Нет, теперь он не будет наивен — приготовленная кассета крепко зажата в руке. Едва мелькнет в стекле прибора рожденное солнцем изображение — и он установит фокус, сразу же кассета будет вставлена в аппарат. В результате удачного снимка будет доказано существование, более того — возможность сохранения и передачи теней минувшего. Решительный поворот в трудном пути — дальше он пойдет уже не один! Что значат усилия одиночки в сравнении с дружной работой многих людей, очень хорошо известно каждому, кто пытался проложить новые дороги в науке или технике.

Никитин посмотрел на часы — два часа двадцать три минуты — и прильнул к стеклу, вцепившись в поворотный винт призмы. Снова медленно потянулось время, по сейчас ожидание было напряженным — ученый знал, что увидит минувшее.

Медленно, очень медленно солнце изменяло свое положение на небе. Никитин забыл про все окружающее. Вот свет коснулся плиты, порождая неясные отблески.

Вот серая согнутая тень направо постепенно вырисовалась четким контуром человеческой фигуры. Косая линия обрисовала копье.
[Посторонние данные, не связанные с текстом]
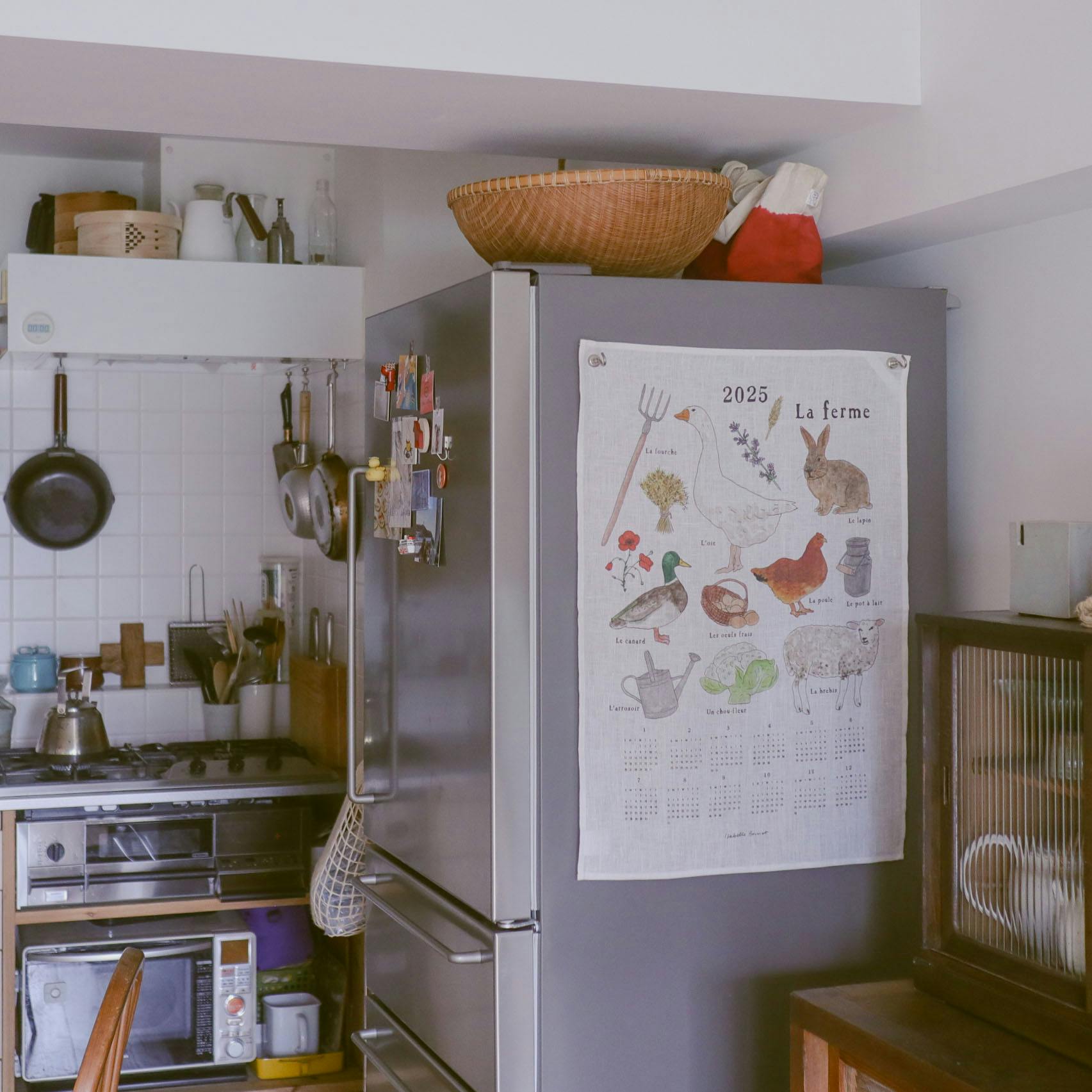 「飾る場所をささっと自由に変えられるのも、リネンカレンダーの良いところ。細い画鋲で簡単にとまり、紙のポスターと違って穴が気にならないんです。

Вобрав голову в широкие плечи со вздутыми, напряженными мускулами, человек уселся, пригнувшись, выставил вперед длинное копье. Широкое, изборожденное морщинами лицо было наполовину повернуто к Никитину, но глаза устремлены на синеющие вдали округлые, заросшие лесами горы, открывавшиеся за обрывом площадки. Никитин успел заметить густые всклокоченные волосы, обрамлявшие довольно высокий лоб, выдающиеся скулы, массивные челюсти. Ученому показалось, что на лице человека он прочел тревожное и мучительное раздумье, словно тот в самом деле пытался заглянуть в будущее. Все это Никитин рассмотрел за несколько мгновений. Несмотря на жгучий интерес к другим деталям картины, палеонтолог не мог разрешить себе дольше всматриваться в аппарат, ему нужен был снимок. Никитин быстро вставил кассету и схватился за шибер, чтобы открыть пластинку, но замер на месте, так и не сделав нужного движения. Блеск гладкой стены внезапно потух, вокруг потемнело, и, оглянувшись, Никитин увидел массивную длинную тучу, медленно наползавшую на солнце. А за ней сомкнутыми рядами, оседая на вершины окрестных сопок, ползли из-за гор тяжкие свинцовые облака того зловещего лилового оттенка, который предвещает сильный снегопад.

С отчаянием в душе ученый осматривал небо. Если пойдет снег, то он больше ничего не увидит — тончайшие отпечатки света неминуемо будут стерты.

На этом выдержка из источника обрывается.